The last passenger train on the Collonges to Divonne line ran in 1980. I assume this had to do with the proliferation of individual transportation that has changed so many other aspects of our lives: constructions of motorways and more and more households having access to a car. With institutions like CERN and the United Nation setting up offices in Geneva, the traffic patterns had also changed, and the need for travelling into Geneva was probably now much larger than the need for going to exotic places like Bellegarde and Lyon.
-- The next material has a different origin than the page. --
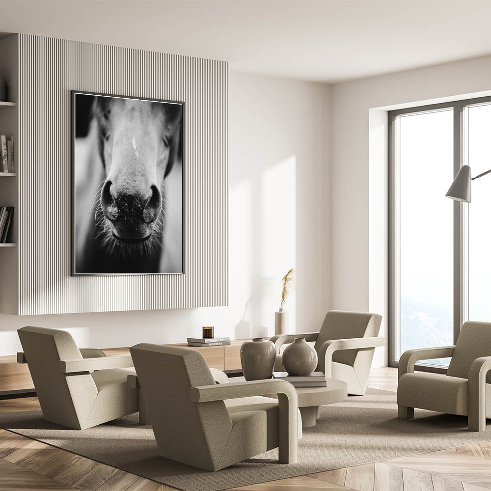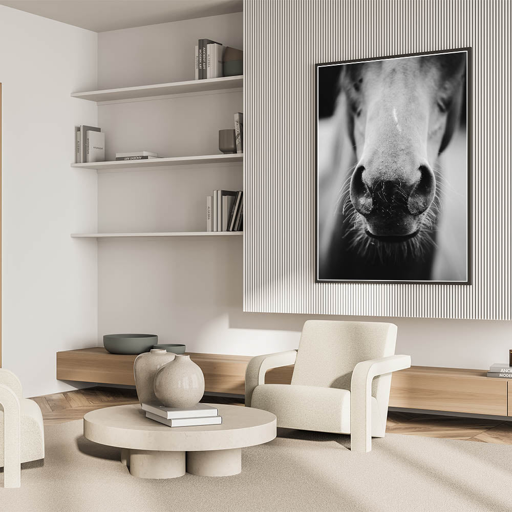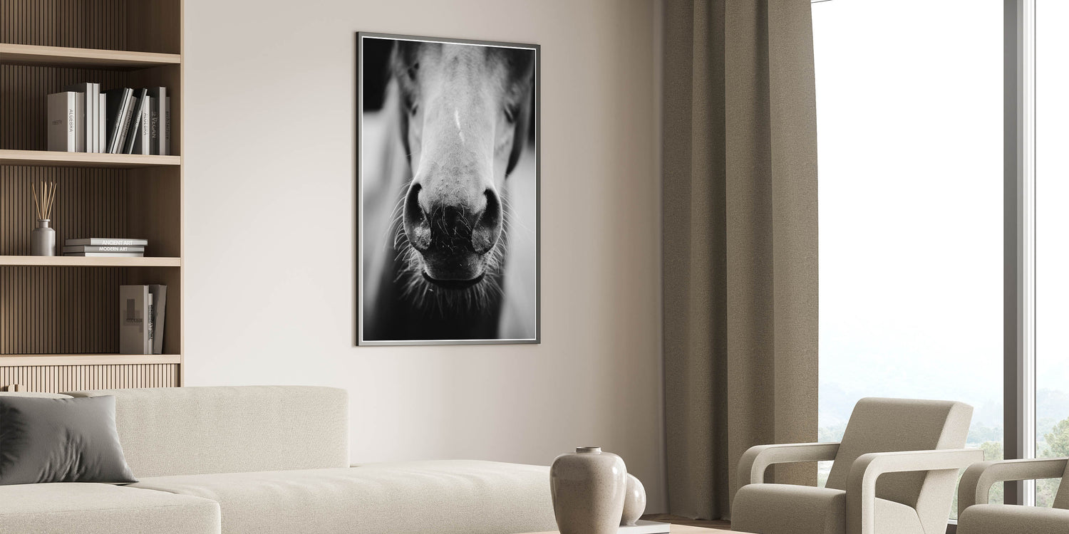 Capture the beauty and intimacy of rural life with this striking black and white wall art featuring a close-up of a horse’s nose. This minimalist yet powerful design brings out the texture and details of the horse, creating a captivating focal point for any room. Perfect for rustic, farmhouse, or equestrian-themed interiors, this wall art adds a personal and timeless touch to your space. The monochrome palette gives it a modern edge while maintaining the rustic charm of the subject matter.
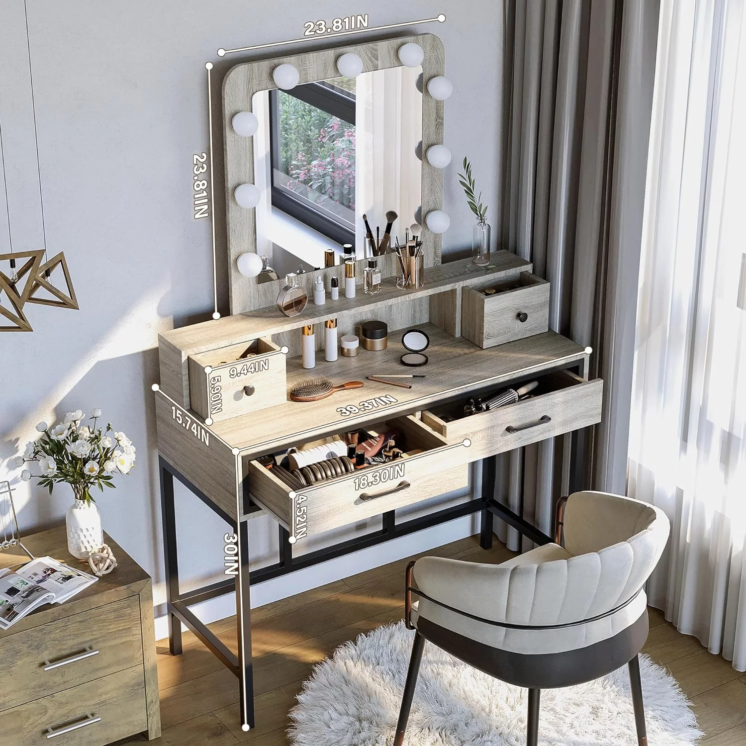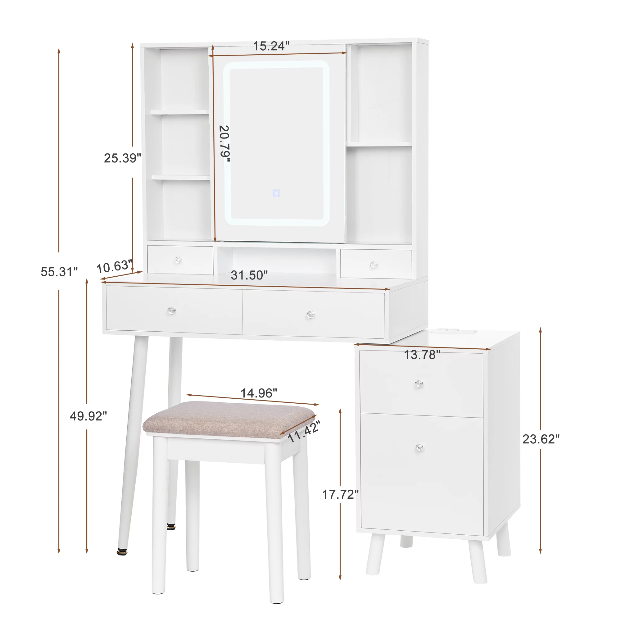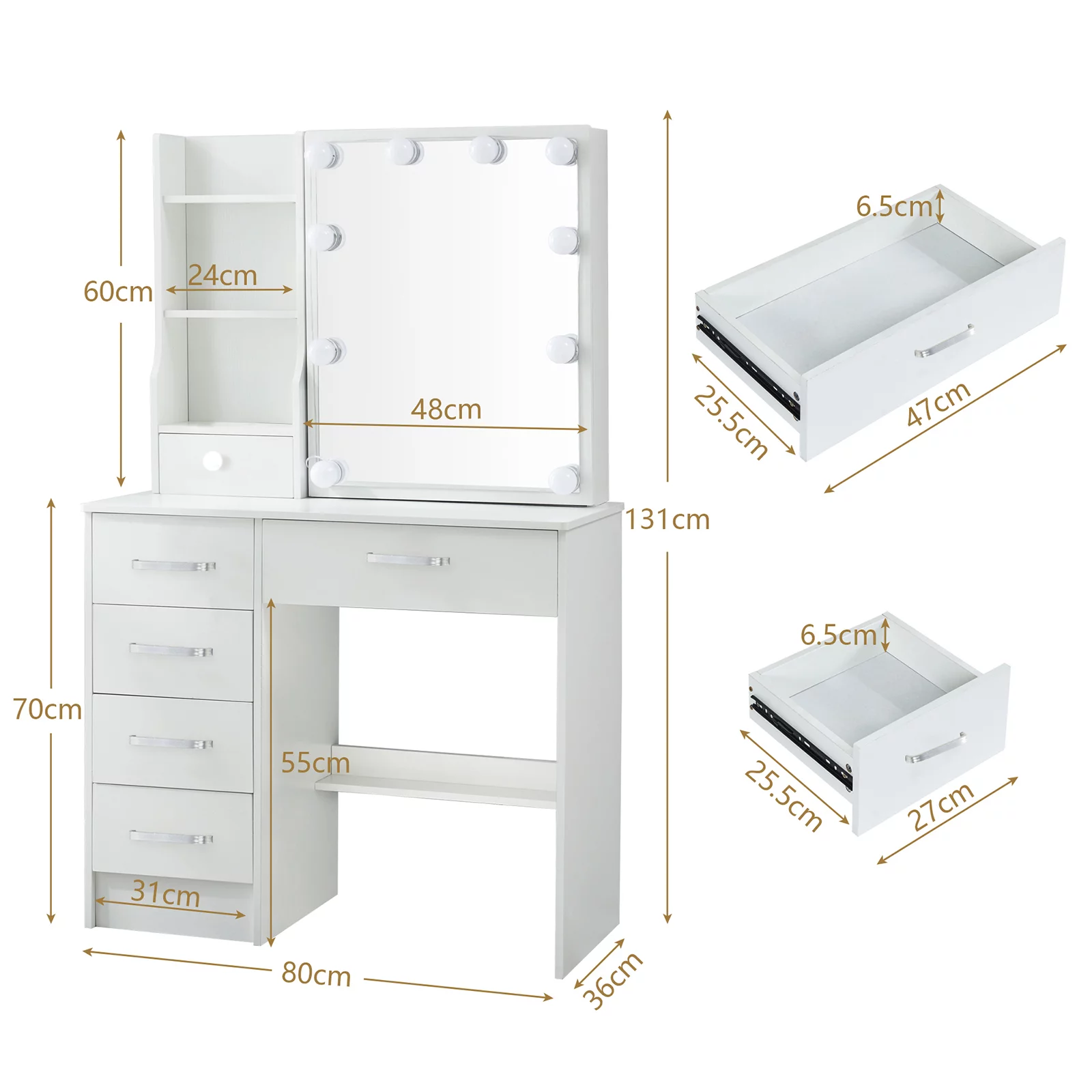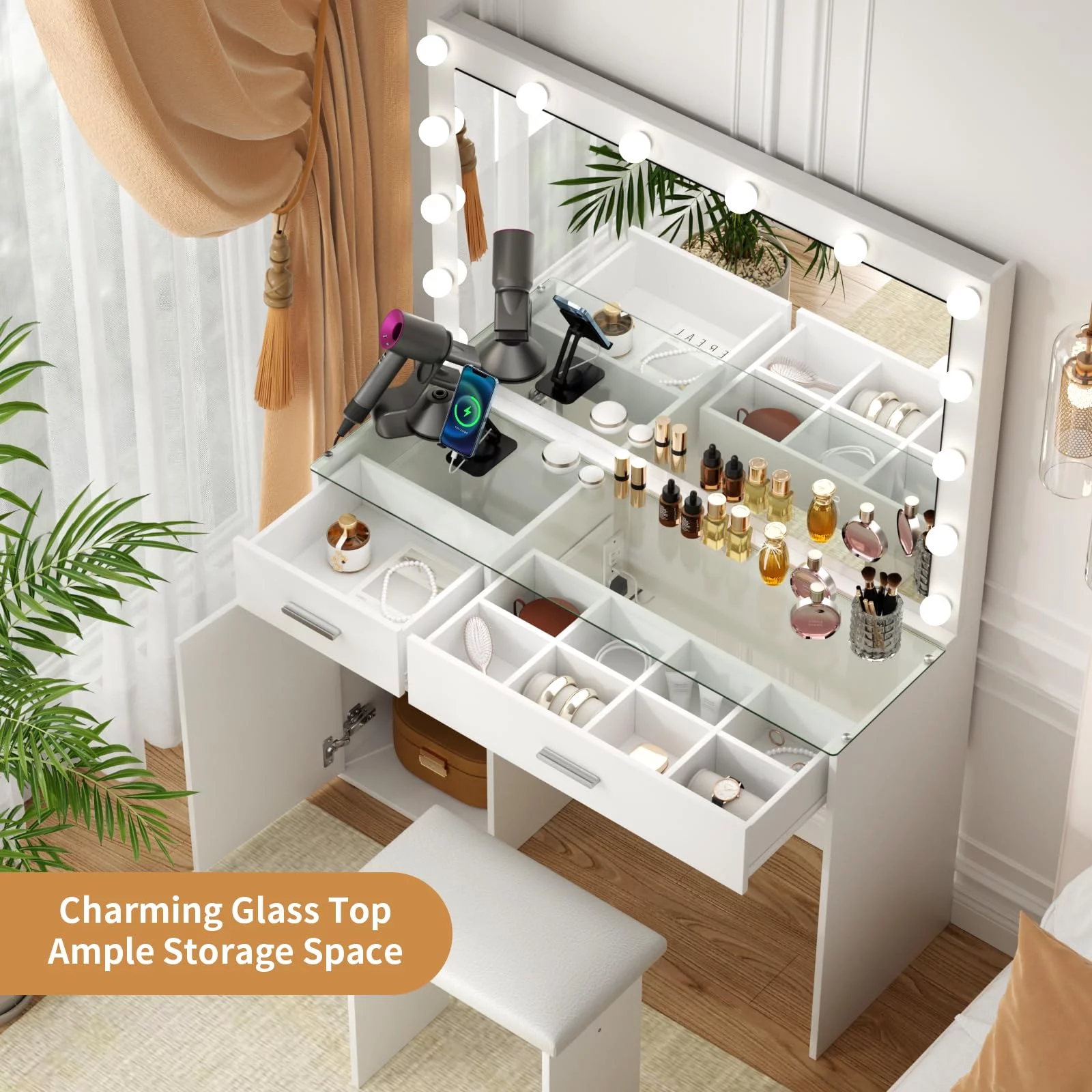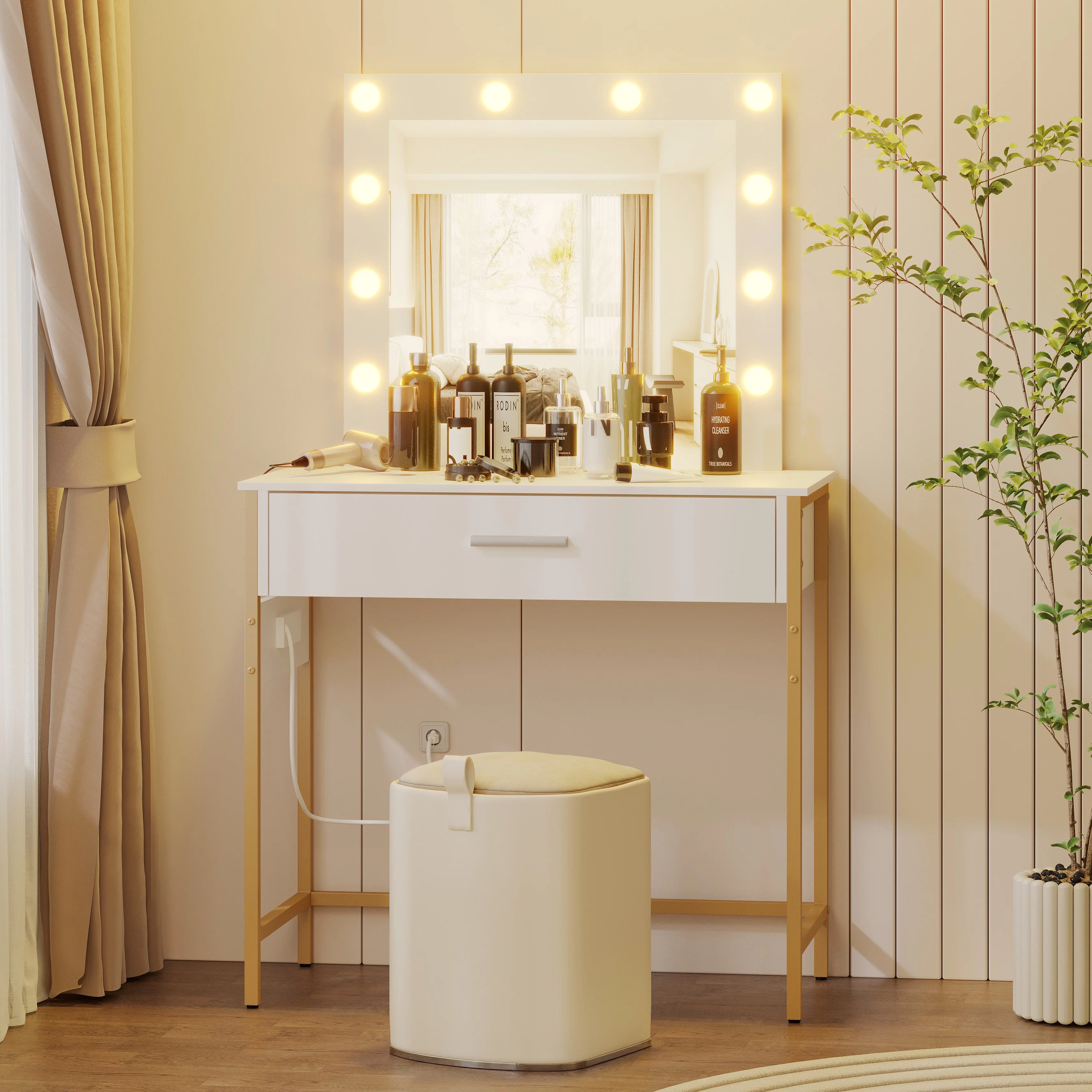 JBLCC Modern Vanity Set with Lighted Mirror, Makeup Table with Drawers, Dressing Table Makeup Desk with Stool, White

In hindsight, I think you could say that the local politicians were short-sighted, because closing this railway line made public transport within Pays de Gex almost impossible for many years. There used to be three to four train services per day, and the communes in Pays de Gex fought to keep their beloved train line, but it was just not profitable enough.

With the large influx of people into the area in the last 20-30 years, and the difficulties we now face going from one village to another, this train service would probably have been very useful today. My own kids very quickly found out that it was easy enough to use public transport to go into Geneva, but using public transport to see their friends around Pays de Gex was impossible for them for a very long time.

Reading up a bit on the history also shed light on these ghost trains I’d heard about and proved that those friends of mine were indeed not delirious or mad after all. From 2001 to 2014, part of the railway line was actually used to transport household waste from Chevry to Bellegarde to be incinerated twice a week.

In 2014, the railway line was closed for good.

From Divonne to Gex, the old railway lines have been transformed into a very nice walking and cycling path.

However, today we’ll focus on walking on the real tracks. A railway walk is perfect whatever the weather. However, if you want to explore the parts that have not been transformed into a walking path, I will recommend long socks and trousers. Speaking from experience, I can say that wearing a pair of shorts and short socks is not ideal on overgrown paths with thorn bushes and nettles. But on the upside, from July to September you don’t need to bring a snack with you as you can feast on the delicious blackberries growing in and around the tracks.

I have done two outings walking on the railway line, for both walks I started in Asserans where I literally parked on the railway lines. I then walked from Asserans to Peron and back and from Asserans to Collonges and back. You will need plan around two and a half to three hours for both walks.

The most scenic walk was from Asserans going west, to Collonges. Here you will be walking through two tunnels and across two spectacular train bridges.

The first is tunnel is Grand Echaud which is 258 meters, followed by the Tunnel des Isles which is 149 meters. In both tunnels, having a flashlight available is handy. Luckily most phones these days have this tool built in.

The two impressive bridges, or viaducts, are the Viaduct de Grand Echaud and Viaduct d’Almogne.

The old station building in Collonges Fort-l’Ecluse is not a very interesting sight and you will probably be better off enjoying the nature, pretty views, tunnels and viaducts on your return to Asserans.

Enjoy walking, and feel free to share!